EXERCISE DETAILS >> From the listing below, reproduce exactly the lines starting with the one with "These multicolor real" and going on through the one with "MOUMOUTEN 5Pcs Double", both ends kept. No picture is copied.

TASK INPUT >>
--- START ---

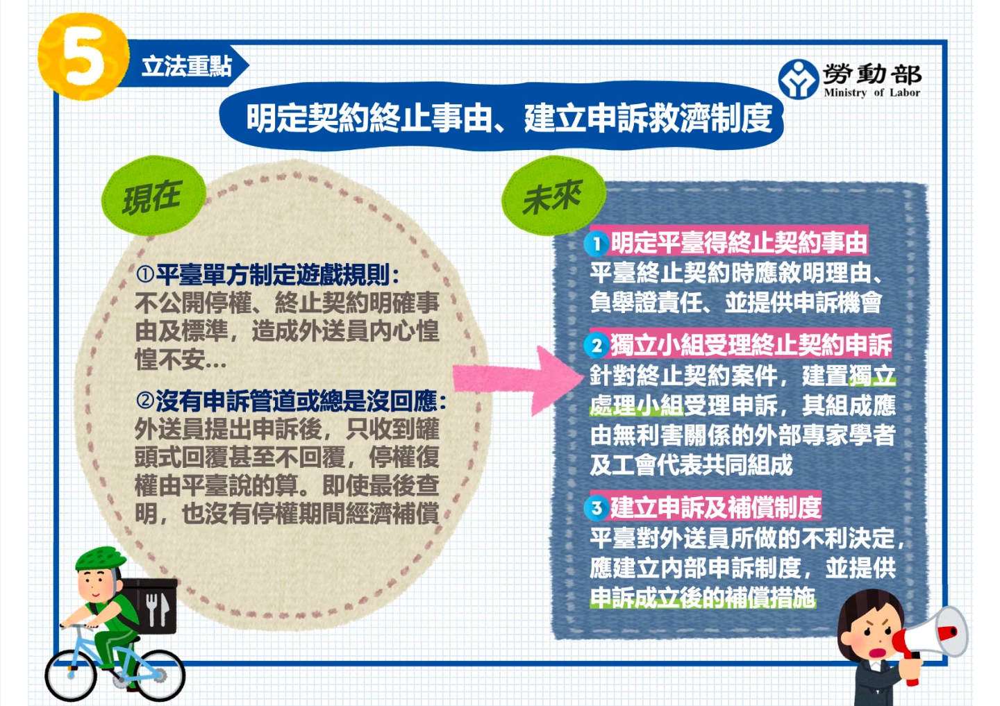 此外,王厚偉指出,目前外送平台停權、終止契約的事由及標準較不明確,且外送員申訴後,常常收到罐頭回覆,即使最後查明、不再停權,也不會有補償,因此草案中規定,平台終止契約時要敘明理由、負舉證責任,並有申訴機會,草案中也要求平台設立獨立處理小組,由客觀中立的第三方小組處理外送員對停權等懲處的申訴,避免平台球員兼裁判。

--- END ---
--- START ---

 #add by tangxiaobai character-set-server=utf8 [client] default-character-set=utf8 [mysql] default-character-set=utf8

--- END ---
--- START ---

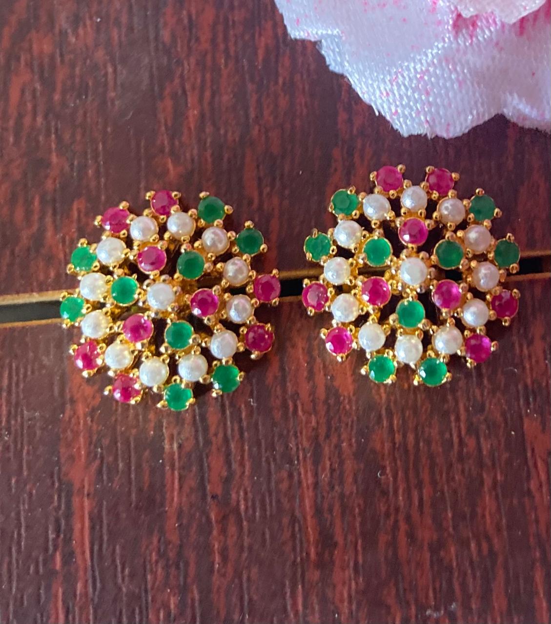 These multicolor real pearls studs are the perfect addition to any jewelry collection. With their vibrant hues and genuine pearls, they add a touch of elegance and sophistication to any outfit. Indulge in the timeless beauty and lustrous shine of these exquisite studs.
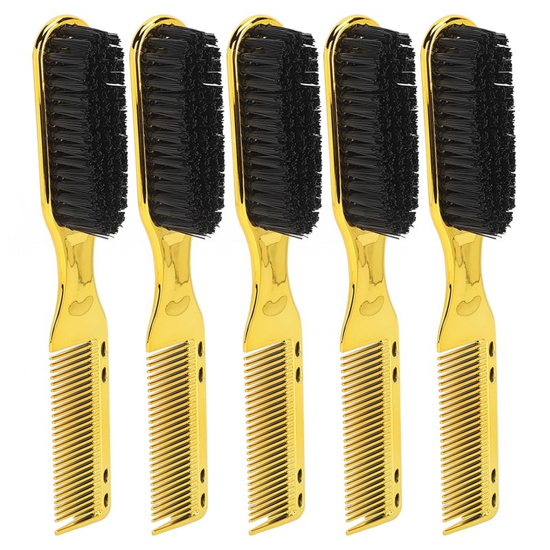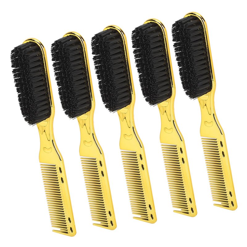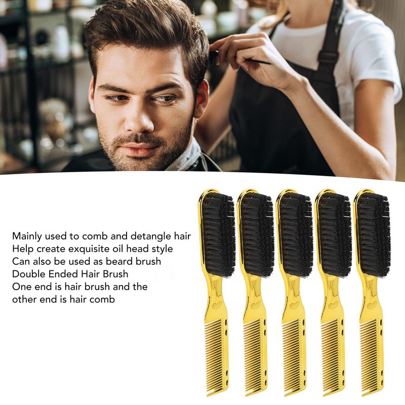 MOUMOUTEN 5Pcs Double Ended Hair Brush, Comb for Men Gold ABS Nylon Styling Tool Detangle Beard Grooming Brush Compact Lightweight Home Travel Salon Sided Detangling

--- END ---

SOLUTION FOR THIS PROBLEM >>
 These multicolor real pearls studs are the perfect addition to any jewelry collection. With their vibrant hues and genuine pearls, they add a touch of elegance and sophistication to any outfit. Indulge in the timeless beauty and lustrous shine of these exquisite studs.
 MOUMOUTEN 5Pcs Double Ended Hair Brush, Comb for Men Gold ABS Nylon Styling Tool Detangle Beard Grooming Brush Compact Lightweight Home Travel Salon Sided Detangling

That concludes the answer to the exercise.